The new blueprint concludes that AIDS vaccine development remains woefully underfunded given a vaccine's potential to end the epidemic for all time. The report estimates that, of the US$20 billion the world spends annually on AIDS, only US$350 million is for vaccine research and development. "Closer examination reveals that less than one third of that amount is being spend on product development," according to the report, with an even smaller percentage focused on the needs of developing countries.
The new plan would cost between US$900 million and $1.1 billion above currently projected expenditures to implement. IAVI has raised over US$100 million since its inception in 1996. The new expenditures would be shouldered not only by IAVI but also by national and transnational research agencies and the pharmaceutical and biotech industries. However, to catalyze the scientific agenda, IAVI is planning to establish four to eight new vaccine development partnerships, in addition to the four that are already ongoing. "We hope that private industry, along with national and transnational research agencies, will pick up the challenge and fund the others," Berkley said.
The cornerstone of IAVI's scientific program is its vaccine development partnerships (VDPs). Designed to move promising experimental vaccines into clinical trials as rapidly as possible, VDPs link researchers from academia or biotechnology companies with vaccine manufacturers and with clinical researchers in developing countries. In addition to providing funds, IAVI also provides expertise, as needed, in areas ranging from project management to regulatory affairs and infrastructure for clinical trials.
In choosing which experimental vaccines to move forward, IAVI looks for novel approaches that have shown significant promise in non-human primates and can progress to clinical trials within two years or less. The candidate vaccine is then tailored to match the predominant HIV strain in the region where the cllinical trials will take place-a mechanism which ensures that vaccines are developed for the world's poorer nations and not just for the profitable markets in industrialized countries.
The International AIDS Vaccine Initiative is an international non-profit scientific organization founded in 1996 whose mission is to ensure the development of safe, effective, accessible, preventive HIV vaccines for use throughout the world.
IAVI's work focuses on four areas: accelerating scientific progress, mobilizing support through advocacy and education, encouraging industrial involvement in AIDS vaccine development, and assuring global access. IAVI is a collaborating center of UNAIDS. Its major donors include the governments, of the United Kingdom, the Netherlands and Canada, the World Bank, the Bill and Melinda Gates Foundation, the Rockefeller Foundation, the Sloan Foundation, and the Starr Foundation.
Earlier this week, IAVI released a blueprint aimed at making a vaccine available to all those who need it, entitled AIDS Vaccines for the World: Preparing Now to Assure Global Access.

For further information, visit www.iavi.org.
Contact: Victor Zonana (cellular: +44-77-147-98160) Kay Marshall (1-212-847-1044)


Fact Sheet on the Oxford-Nairobi Partnership


The Oxford/Nairobi Partnership is the first of four vaccine development partnerships funded by the International AIDS Vaccine Initiative (IAVI), a global scientific organization dedicated to accelerating the development of AIDS vaccines for the developing world. The partnership links the research teams of Professor Andrew McMichael of Oxford University in the United Kingdom and Professor J.J. Bwayo of the University of Nairobi in Kenya.
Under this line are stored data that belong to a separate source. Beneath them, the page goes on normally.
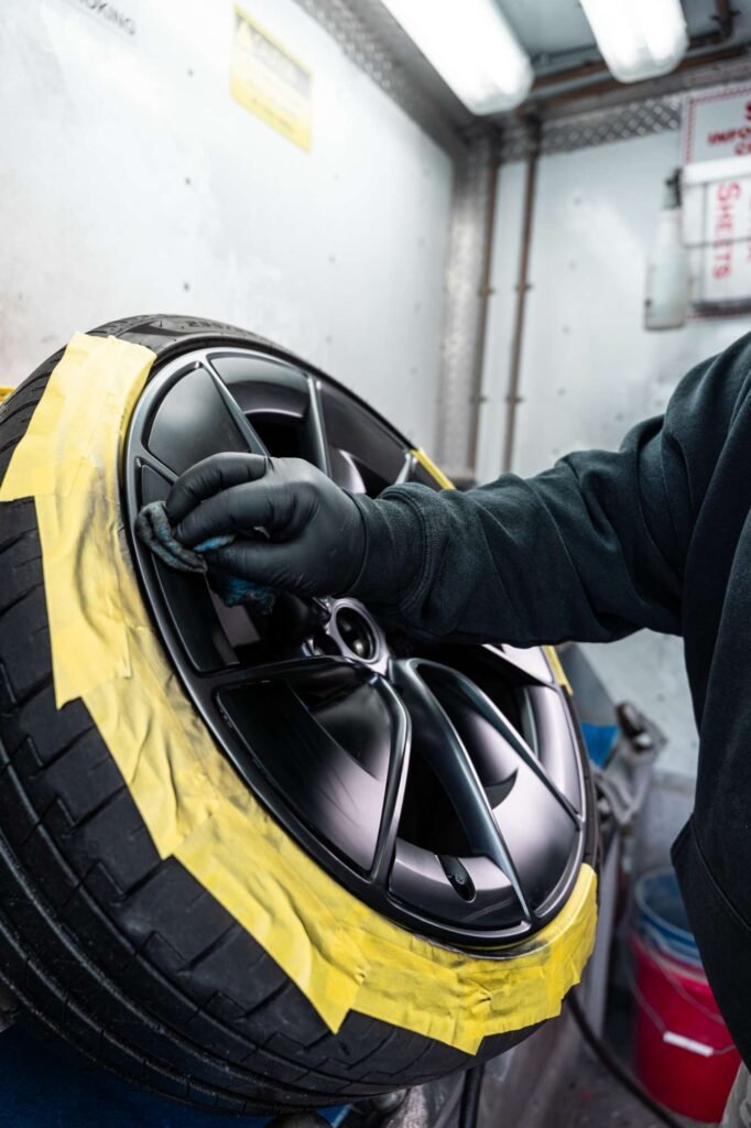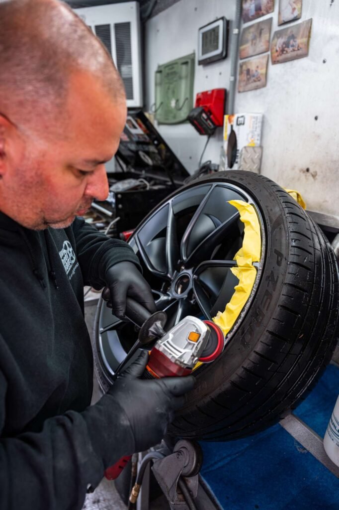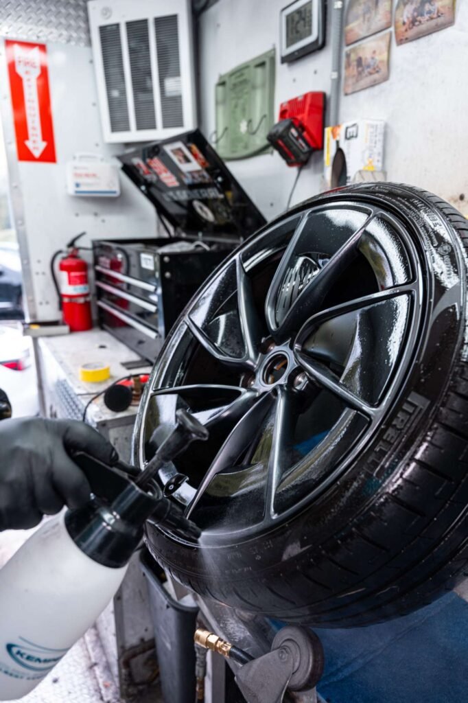 A: Most standard wheel repairs and single-color jobs can be completed within a day. Custom painting and powder coating may take longer depending on the complexity of the finish, the number of wheels being serviced and the level of prep work required. Contact Flash Mobile Detailing for a time estimate based on your specific needs.
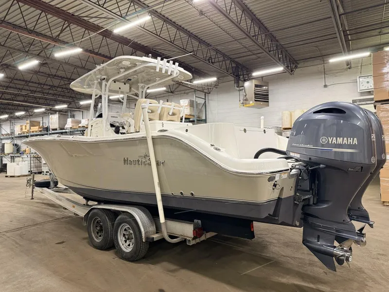 Introducing the 2018 NauticStar 28 XS, a remarkable center console boat designed for both performance and comfort. With an overall length of 28.3 feet, this vessel boasts a sleek fiberglass hull featuring a deep Vee shape, ensuring a smooth ride even in choppy waters. Powered by twin Yamaha outboard
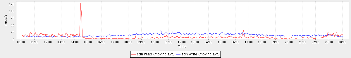 avg(sdn read) = 130.86 avg(sdn write) = 213.52
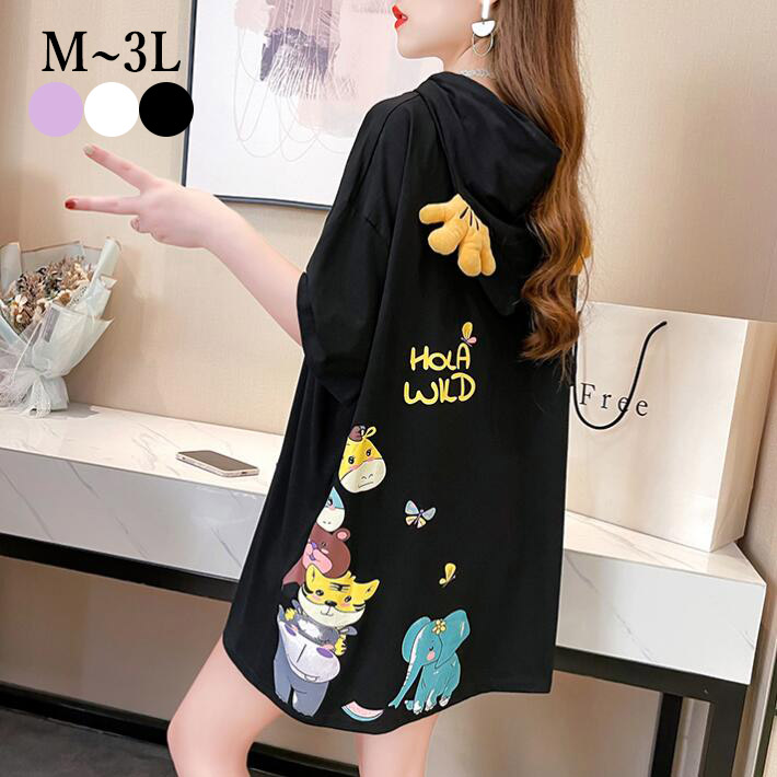 TシャツレディースロングTシャツ パーカーオーバーサイズ フード付きトップス ロゴプリント半袖 チュニック大きいサイズクルーネックビッグシルエットかわいいML 2L3L
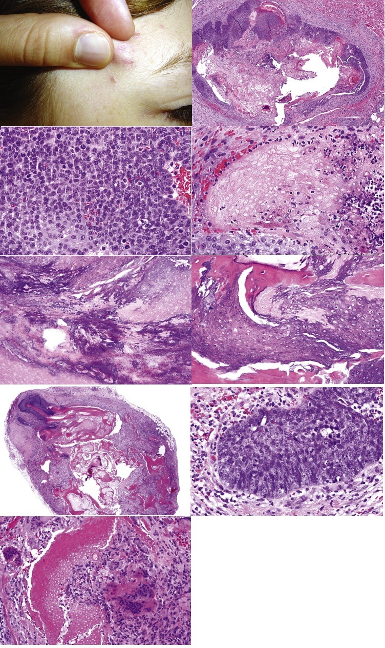 Pilomatrixoma (Calcifying epithelioma of Malherbe): Found on the head, neck and upper extremities in the first 2 decades of life. Typically solitary but multiple pilomatricomas arise in several syndromes. Even in isolation these tumors may arise due to activating mutations in the beta-catenin gene. Histologically: This tumor consists of two major cell types plus an intermediate or transitional cell type. Initially the tumor is more cystic with the cells at the periphery of the tumor that are more basophilic with indistinct cell borders and little cytoplasm. The cells have hyperchromatic nuclei and often normal mitoses can be appreciated. Centrally there are eosinophilic “ghost or shadow†cells which are cells that have undergone terminal differentiation. These cells have more distinct borders, increased cytoplasm but only a ghost of a nucleus. Then there are cells that reside somewhere in between these two cell types. The proportion of these cells varies depending on the stage of the lesion; i.e younger lesions have more basophilic cells and appear more cystic, older lesions have a greater component of ghost cells and up to 20% of lesions on removal are completely composed of ghost cells.

The vaccine is based on the work in the Medical Research Council Human Immunology Unit, headed by Professor McMichael and the extensive clinical studies on AIDS carried out in Nairobi in Prof. Bwayo's Department of Medical Microbiology. The two groups have been collaborating already for four years, preparing the way for vaccine studies in Kenya. The Oxford group has specialized in the nature of the immune response to HIV and has made key discoveries on how the immune system responds to viruses and how HIV can undermine these responses.
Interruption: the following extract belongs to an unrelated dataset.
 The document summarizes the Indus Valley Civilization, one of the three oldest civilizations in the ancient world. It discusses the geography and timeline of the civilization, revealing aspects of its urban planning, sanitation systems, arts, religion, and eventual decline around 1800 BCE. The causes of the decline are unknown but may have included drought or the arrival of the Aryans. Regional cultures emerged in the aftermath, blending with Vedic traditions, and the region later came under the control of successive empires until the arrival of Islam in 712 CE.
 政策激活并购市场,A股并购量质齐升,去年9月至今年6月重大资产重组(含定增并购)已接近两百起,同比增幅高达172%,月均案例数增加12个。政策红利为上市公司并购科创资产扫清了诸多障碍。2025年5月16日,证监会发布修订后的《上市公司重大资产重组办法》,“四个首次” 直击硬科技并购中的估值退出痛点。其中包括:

The required regulatory and ethical approval for the start of a Phase I trial with volunteers in Oxford has been obtained. Volunteers for this Phase I trial will be people at negligible risk of HIV infection. Recruitment of volunteers is expected to begin in early August and the trial will take from six to nine months to conduct.
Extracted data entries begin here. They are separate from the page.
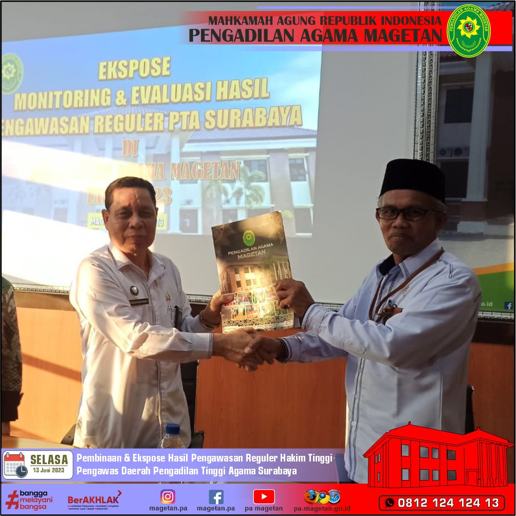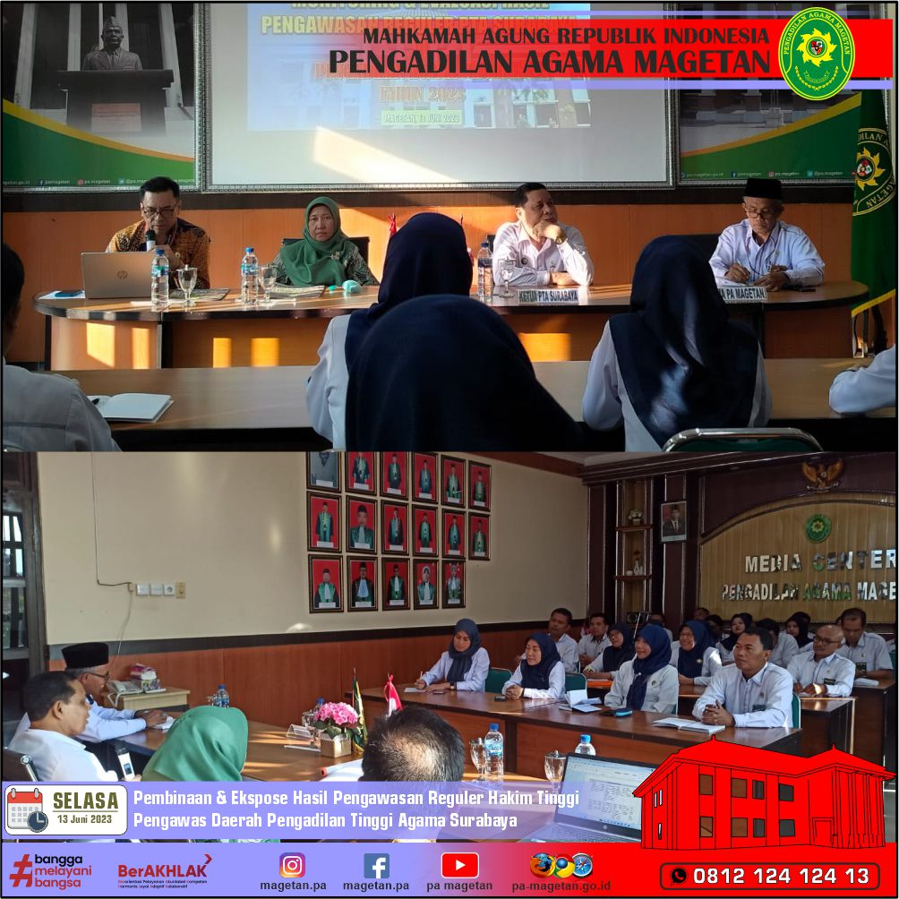 Magetan | pa-magetan.go.id | Pengadilan Agama Magetan melaksanakan kegiatan Ekspose Hasil Pengawasan Reguler Hakim Tinggi Pengawas Daerah Pengadilan Tinggi Agama Surabaya yang dilaksanakan pada tanggal 12 - 13 Juni 2023. Kegiatan yang dihadiri oleh semua pegawai Pengadilan Agama Magetan ini di laksanakan di Media Center Pengadilan Agama Magetan.
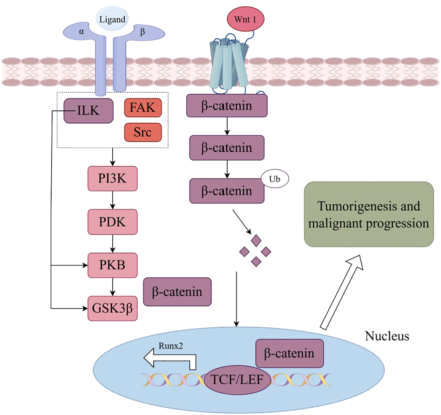 Wnt signaling in integrin triggers phosphatidylinositol 3 kinase (PI3K) activation, subsequently regulating glycogen synthase kinase 3β (GSK3β), ubiquitin (Ub)induced β-catenin degradation, nuclear location and Wnt targeting gene expression, which leading to tumorigenesis and malignant progression. (By Figdraw.).
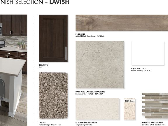 Entertain with ease in your spacious kitchen with adjoining dining and great room. Dusk cabinets with Simply Beige Quartz countertops, Ashfield Plank Sea Glass EVP flooring with multi-tone tweed carpet in our Lavish package.
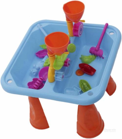 В одной части стола имеется отделение для песка, а в другой - для воды. В комплекте малыши найдут водяные колеса, лейки, лодки, а также формочки и совки - все для увлекательного отдыха на свежем воздухе или в помещении.
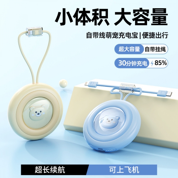 您当前的位置:首页>智能数码>手机周边>移动电源>卡通萌宠迷你充电宝20000毫安 自带线小巧便携移动电源
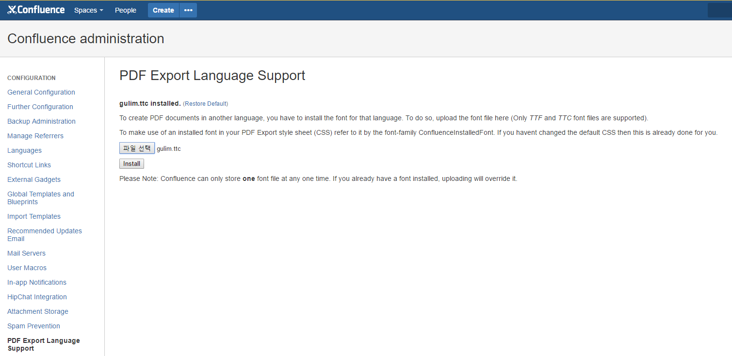 - 'Configuration' → 'PDF Export Language Support' 에서 'gulim.ttc' 파일을 선택하여 Install 수행

The candidate DNA vaccine contains clade A HIV-1 gag gene and more than 40 epitopes, many of which are known to be immunodominant in HIV infected persons. The epitopes include clade A common in Kenya. Nearly all HIV-1 infected individuals make good CTL responses to this epitopes so these antigens in the candidate DNA vaccine should give it the potential to elicit a CTL response in the study participants. In addition, this vaccine candidate has the potential to induce of T helper responses may have indirect benefit by enhancing CTL responses.

Phase I trials are the first human tests of a candidate vaccine. They are generally conducted on small numbers of healthy adult volunteers who are not at risk for the disease in question. Clearly, the main goal of a Phase I study is the evaluation of the intrinisic safety of the candidate vaccine. The Oxford study will also provide an estimate of the immunogencity potential of the candidate vaccine as immunologic responses will be measured. Two doses of the candidate vaccine will be evaluated in this Phase I trial.

The DNA vaccine is the first part of a novel "prime-boost" vaccination strategy that will also include an MVA vaccine.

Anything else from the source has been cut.